Вот с такой прической на голове!
Через несколько минут мы въехали в город Красносельск. Красносельский район Армении издавна был насолен молоканами, сосланными сюда еще Екатериной II за отказ от православия. За прошедшие два века мало что изменилось в укладе их жизни — те же побеленные избы с резными ставнями, огромные хозяйства, патриархальный уклад жизни, неприятие спиртного и табака, отсутствие телевизионных антенн на крышах домов. Часто на улицах города можно было встретить людей в национальной одежде. Каждый раз, проезжая Красносельск, ты словно попадал в русскую народную сказку.
— Остановись где-нибудь, покурим, — попросил дядя Миша.
— Заедем на автовокзал, — предложил папа, — там можно и кофейку попить, и покурить, а то неудобно здесь, на виду у всех. Они же не одобряют курение.
Он припарковался возле низенького здания автовокзале!
— Посидите в машине, мы скоро, ладно?
— Ладно! — согласились мы. — Только вы нам принесите чего-нибудь сладенького.
— Возьмем вам бутылку лимонада «Буратино», — обещал дядя Миша.
— Ура! — обрадовались мы с Маней.
И принялись терпеливо дожидаться их возвращения. А чтобы ждать было не скучно, мы высунулись в окно машины и стали любоваться городом. Взглянули направо — стоял ряд белых домов с голубыми ставнями, взглянули налево — стоял ряд белых домов с зелеными ставнями.
— Красотаааа! — протянула я.
— Ага, — согласилась Манька, — ой, смотри, Аленушка!
— Где? — Я вытянула шею и увидела девочку, которая шла в нашу сторону. Девочка была в длинном белом платье и кружевном платочке, поверх платья она повязала узорчатый тюлевый фартук с оборкой понизу, на ногах у нее были светленькие туфельки.
Мы с Маней, высунувшись из окна, во все глаза наблюдали за ней. Аленушка под напором наших взглядов сбавила ход, а потом и вовсе остановилась шагах в пяти от машины. Постояла в нерешительности, потом повернулась к нам спиной. Мы ахнули — у нее оказалась длинная, пышная, необычайно красивого медового оттенка коса.
— Ух ты! — выдохнули мы. — Вот это волосыыыы!

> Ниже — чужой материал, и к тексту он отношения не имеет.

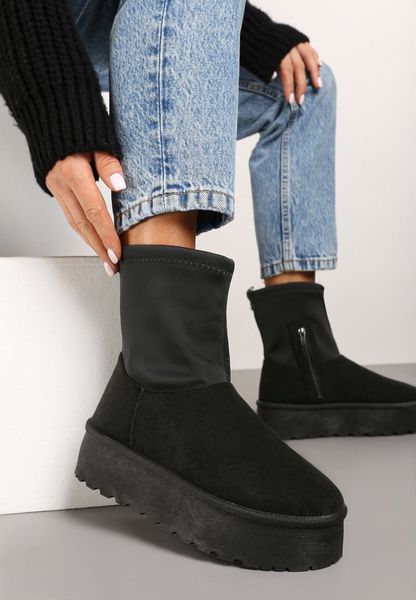 Czarne Śniegowce na Platformie z Elastyczną Cholewką Linnastra
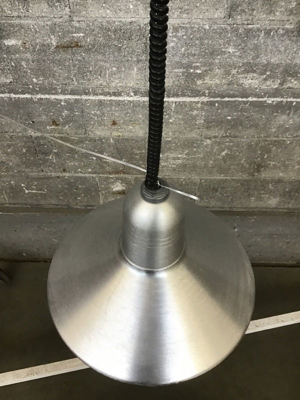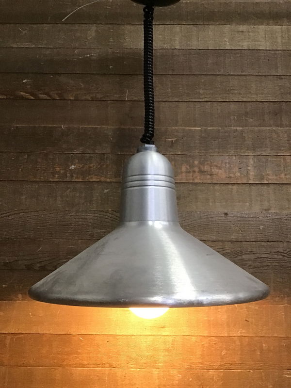 This vintage saucer pendant light feels like an awesome crossover between mid-century and industrial. It's constructed of a pretty heavy gauge aluminum (brushed exterior, polished interior) with a hazy glass shade covering the single bulb. The shade hangs from a coiled black cord and has some subtle decorative lines on the top. Because the aluminum is a little heartier this is not dented to heck and instead just has a handful of really miniscule dents and light scratches. We got quite a few of these in, so come check them out and grab your favorites to illuminate your shop, home, garage, retail space, or any space at all! Photo may be representational. Cord is included in the listed height.

— Девоооочкааааа, — позвала я.
Девочка не шелохнулась.
— Боится нас, что ли, — воинственно шмыгнула носом Манька.
— Наверное, — шепнула я.
— Аленушкааааа, — тоненьким голосом позвала Маня, — Алйоооооо-нуш-каааааа!

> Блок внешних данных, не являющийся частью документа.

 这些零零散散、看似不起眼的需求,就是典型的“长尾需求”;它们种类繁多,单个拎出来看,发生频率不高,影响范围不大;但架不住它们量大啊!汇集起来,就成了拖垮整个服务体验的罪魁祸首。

Девочка дернула плечом, но не сдвинулась с места, только привычным движением поправила платочек на голове.
— Аленушкааааа, — позвали мы, — девочка, ты Аленушка или кто?
Девочка обернулась. Посмотрела на нас с любопытством. Промолчала.

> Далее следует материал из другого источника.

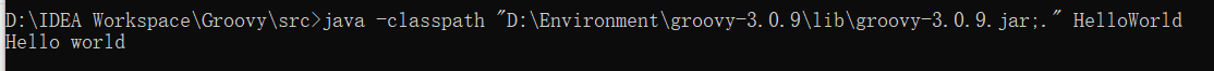 可以用java命令调用JVM运行groovy编译出来的HelloWorld.class文件:
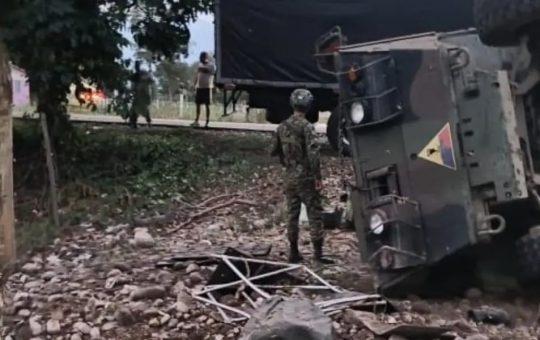 Completamente destruido y volcado lateralmente quedó el vehículo del Ejército en el que se movilizaban los soldados de la Brigada 18,...
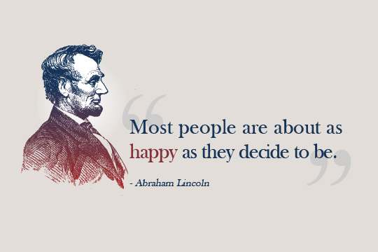 美國總統林肯對快樂曾有這樣的看法:「人快樂的程度多半是自己決定的。」事實上,很多時候人感到快樂或不快樂,與事情的處境未必有必然的關係,亦遠不及我們對事情的反應來得重要。

— Может, она глухая? Или немая? — Манька высунулась в окно машины так далеко, что чуть не выпала, — я еле успела вцепиться в ремень брюк и удержала ее на весу.
— Осторожнее — зашипела я.
Манька вползла обратно в машину. От прилизанной утренней прически не осталось и следа — волос у моей подруги немилосердно кучерявился, надо лбом развевался боевой чубчик.
— Ня! — вдруг сказала девочка. — Я ня Аленушка, я Варя!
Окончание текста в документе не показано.